Çimene, çiçeğe, ağaca hayrandır. Onun için her canlı değerli birer varlıktır. Fidan dikmeyi çok sever ve yetiştiklerini, büyüdüklerini seyretmekten büyük zevk alır.
Toroslardan süzülerek, bulunduğumuz yerdeki dağın altından gelen ve pek çok gözden fışkıran buz gibi sulardan meydana geldiği için bu göle ‘Kırkgöz Gölü’ deniyor ama biz, pınarın başında olduğumuzdan, buraya ‘Pınarbaşı’ diyoruz.
Tam karşımızdaki tesiste benzin istasyonu, lokanta, göl kenarında bir kahvehane, açık bir mescit ve kıyıya bağlı kayıklar var. Burdur ve Isparta üzerinden gelenler, burada dinlenerek yollarına devam ederler. Pazar günleri, Antalya ve civarındaki avcılar, kara ve tatlı su avcılığı için erkenden gelip ya dağa tırmanırlar ya da kayıklarla açılırlar. Göl kenarlarında kamışlar boy atmıştır. Yüzeyi, kocaman yuvarlak ve yemyeşil nilüfer yapraklarıyla kaplıdır; bembeyaz dişleriyle gülümserler.

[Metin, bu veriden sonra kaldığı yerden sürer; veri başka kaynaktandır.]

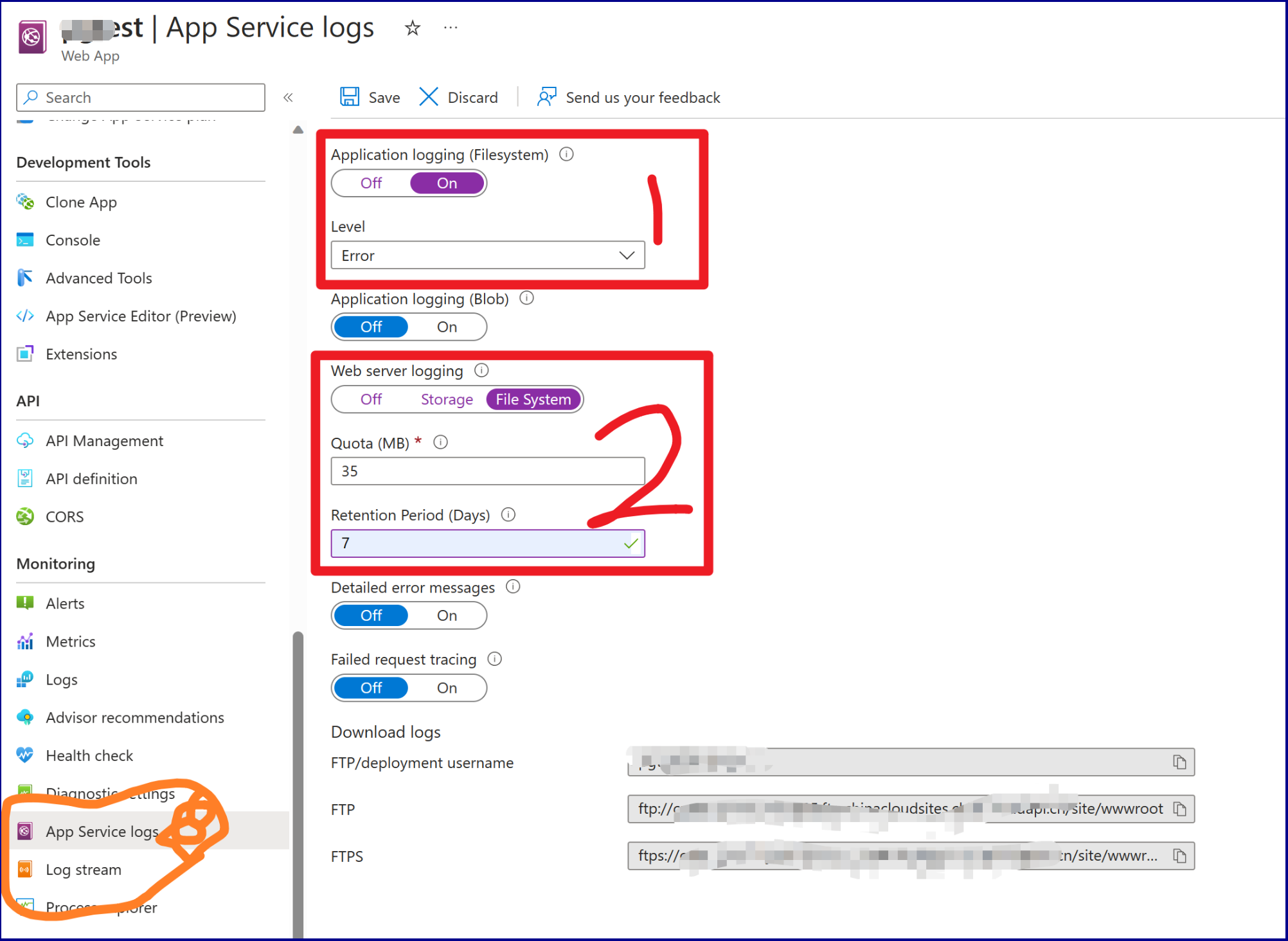 App Service ---> App Service Logs : 针对Application Logging 和 Web Server Logging 为On,最后点击页面上的Save按钮。

Gölün kıyısından bakıldığında, içinde kaynaşan balıklar görünür. Kenarındaki taşlarda kurbağalar, kayalarda kertenkele ve bukalemunlar görülür. Yılanı bol olan yerde annem kırk kadar öldürdüğünü söyler.
Yılan hikâyeleri bitmez. Eskiden, dağın eteğinde, iki katlı, küçük bir dağ evimiz vardı. Alt katta zeytin sandıkları, zeytin tenekeleri, tarım için araç gereç, ziraat aletleri olurdu. Geldiğimizde, son derece sade döşenmiş olan üst katta kalıyorduk. Buraya ait anılarımın beş yaş öncesi yok. Çünkü o zamana kadar beni buraya getirmemişler.
İkinci kata, dıştan, tahta bir merdivenle çıkılıyor. Çatı, tahtalarla kaplı, üzerinde kırmızı kiremitler... Lamba ışığında oturuyoruz. Köylerde elektrik yok. Şehrin kenar mahallelerinde bile... Şinanayın ışığını kısmışız. Yatıyoruz. Daha uyumamışız. Yukardan ‘Tık!..’ diye bir şey düştü. Ben sesini duydum. Annem görmüş:
“Yılan!.. “dedi. Babamın ödü kopar!..
“Nerde?” der demez, fırladı ama kaçacak yer yok!
Annem de fırladı, onu öldürmeye! Aradı taradı, yok! Tam tekrar yatacaktı ki babamın kapalı terliklerinin içine de bakmak gelmiş aklına, bir ters çevirdi tekini, içinden çıkıverdi!.. Annem, vura vura öldürdü! Sonra rahat rahat uyuduk. Fakat yılan korkusu, yıllarca rahat bırakmadı, beni. Ya orada kalsaydı, babam kalkıp terliğini giyseydi?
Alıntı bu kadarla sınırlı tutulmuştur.